**WORK TASK**
Repeat the data that follows exactly, starting at the line with "Jack & Jones" and ending at the line with "(总)凯轩毛毯网销专供 20", and leave out every picture.

**EXTRACTED DATA**
· · · · · · ·

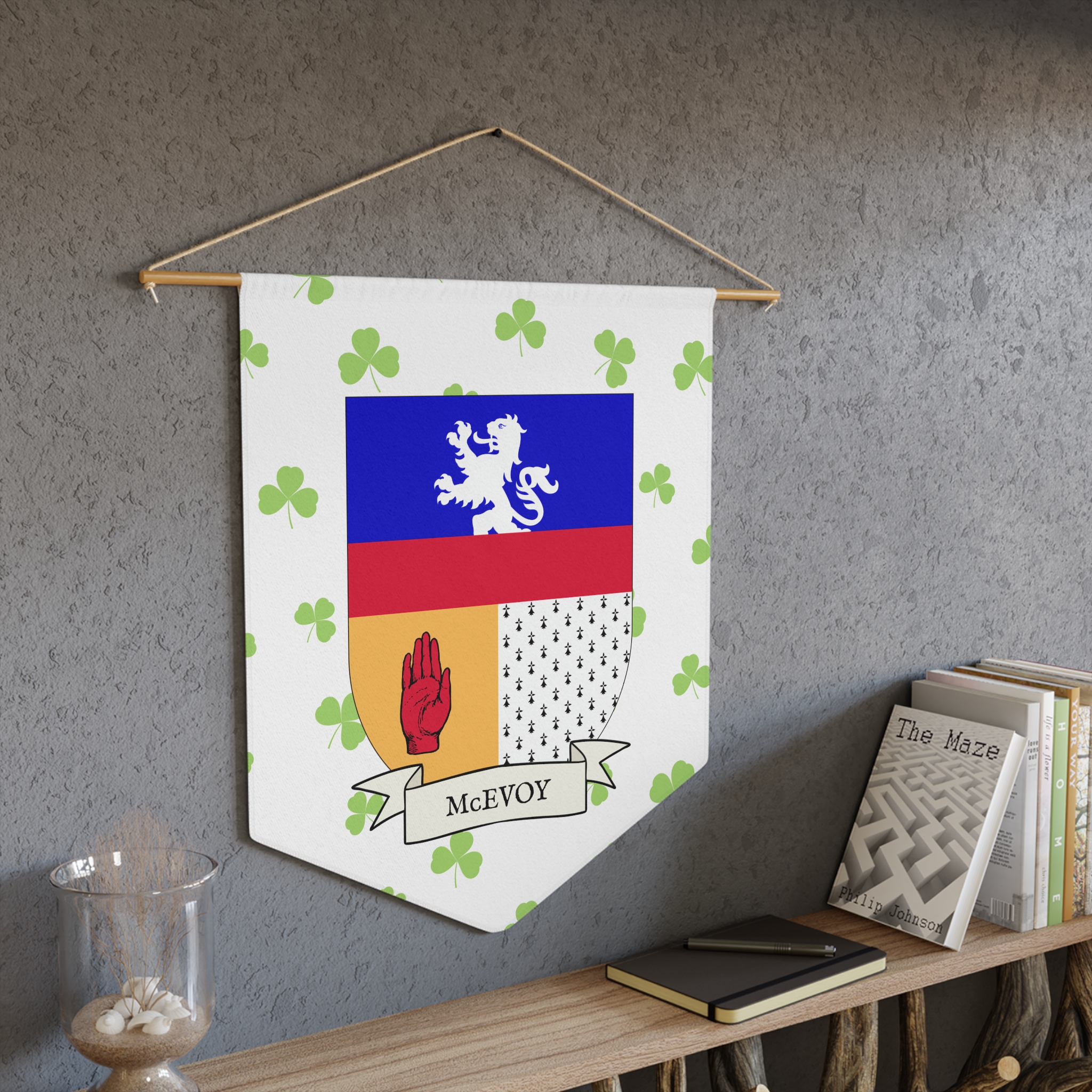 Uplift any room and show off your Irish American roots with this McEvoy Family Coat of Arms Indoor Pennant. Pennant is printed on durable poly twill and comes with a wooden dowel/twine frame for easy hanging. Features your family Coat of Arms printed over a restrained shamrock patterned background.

· · · · · · ·

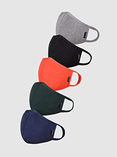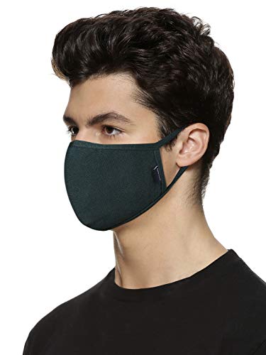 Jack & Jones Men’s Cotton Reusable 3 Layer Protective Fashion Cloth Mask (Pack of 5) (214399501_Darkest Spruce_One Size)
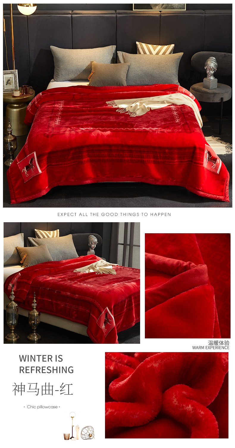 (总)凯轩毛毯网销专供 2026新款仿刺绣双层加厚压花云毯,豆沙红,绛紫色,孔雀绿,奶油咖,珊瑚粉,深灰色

· · · · · · ·

**RESULT FOR THIS TASK**
 Jack & Jones Men’s Cotton Reusable 3 Layer Protective Fashion Cloth Mask (Pack of 5) (214399501_Darkest Spruce_One Size)
 (总)凯轩毛毯网销专供 2026新款仿刺绣双层加厚压花云毯,豆沙红,绛紫色,孔雀绿,奶油咖,珊瑚粉,深灰色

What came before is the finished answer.